Friday, February 26, 2016

How to run K-means clustering on iris dataset using pyspark on a Hadoop cluster through PyCharm and through Ubuntu terminal

I admit that the title is a bit long, but it well summarizes the content of this blog.

I have a cluster of five nodes, 1 master + 4 workers, OS of Ubuntu 14.04. Hadoop 2.6 and Spark-1.4.0 are installed on all nodes and properly configured. Python 2.7 and important packages are also installed on all nodes (instruction of installing necessary packages on Ubuntu, see here).

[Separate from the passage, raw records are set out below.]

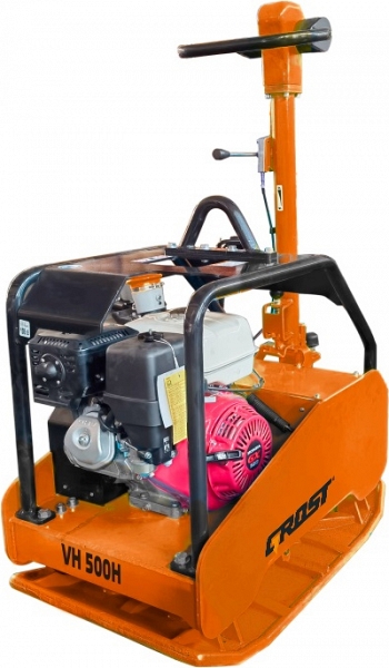 Виброплита бензиновая реверсивная гидравлическая Grost VH 500H (Грост ВХ 500Х) с гидравлическим реверсом – надежная тяжеловесная вибрационная плита с гидравлическим приводом для больших объемов работ. Идеально подходит для уплотнения песка, щебня, смешанного грунта и даже суглинков на большую глубину, необходима при работах в промышленных траншеях, котлованах. Возможно выполнять и задачи по уплотнению дорожек – производительность гораздо выше более легких прямоходных плит, но не подойдет для уплотнения асфальта или тротуарной плитки из-за слишком большой массы.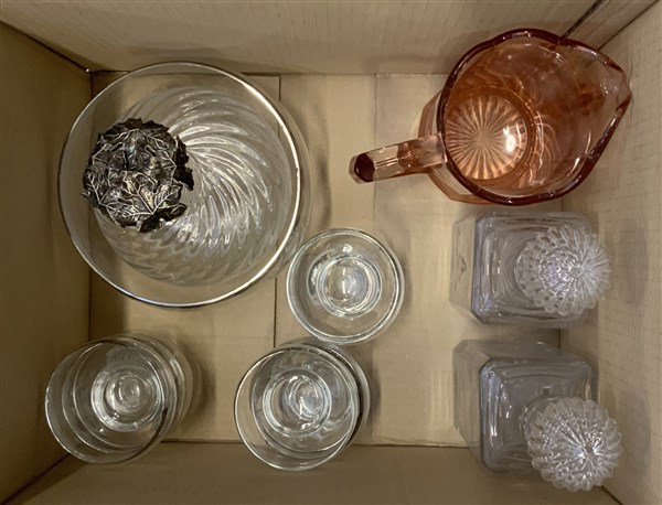 Lotto 159 | Cartone contenente un servizio per macedonia in vetro e alcune bottiglie (difet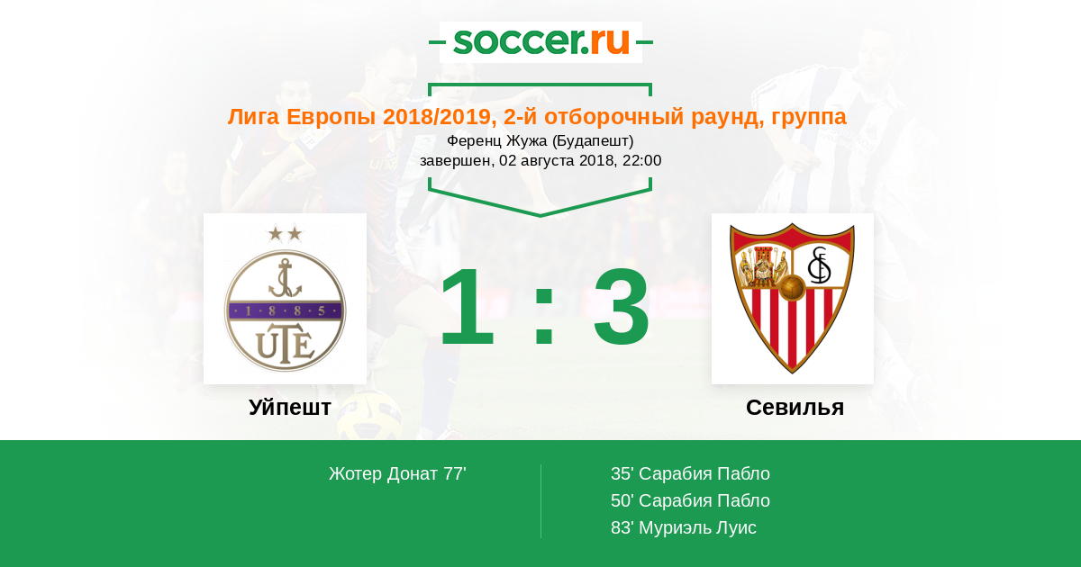 Уйпешт - Севилья: обзор матча 2 августа 2018

I access to the master node from my laptop via the Python IDE, PyCharm. In my previous blog, I described how to enable PyCharm to execute a .py program remotely on the master, see here). In this blog, let's run K-means clustering on iris dataset using pyspark on hdfs. We will go through:

(1) prepare dataset
(2) load dataset onto hdfs
(3) configure Kmeans.y, run and monitor on Spark Web UI

Here we go!

(1) Iris dataset is composed of 150 examples from 3 classes, described by 4 attributes. More details on this dataset can be found on UCI dataset repository. For my case, I need to trim the label column, and to keep only the data of four attributes. Ideally, the figure below is what I need as input:

To do this, I made a small .py program, which does what I needed.

 import numpy as np  
 from sklearn import datasets  
 iris = datasets.load_iris()  
 data = iris.data   
 dt = data.tolist()  
 import os.path  
 save_path = '/home/hduser/Documents/test_Spark'  
 completeName = os.path.join(save_path, "iris.txt")       
 file = open(completeName, "w")  
 for i in range(150):  
      file1.write(str(dt[i][0])+' '+str(dt[i][1])+' '+str(dt[i][2])+' '+str(dt[i][3])+'\n')  
 file.close()

I used the python package "sklearn" to load the dataset. You can download the dataset from UCI repository and process it in many different ways.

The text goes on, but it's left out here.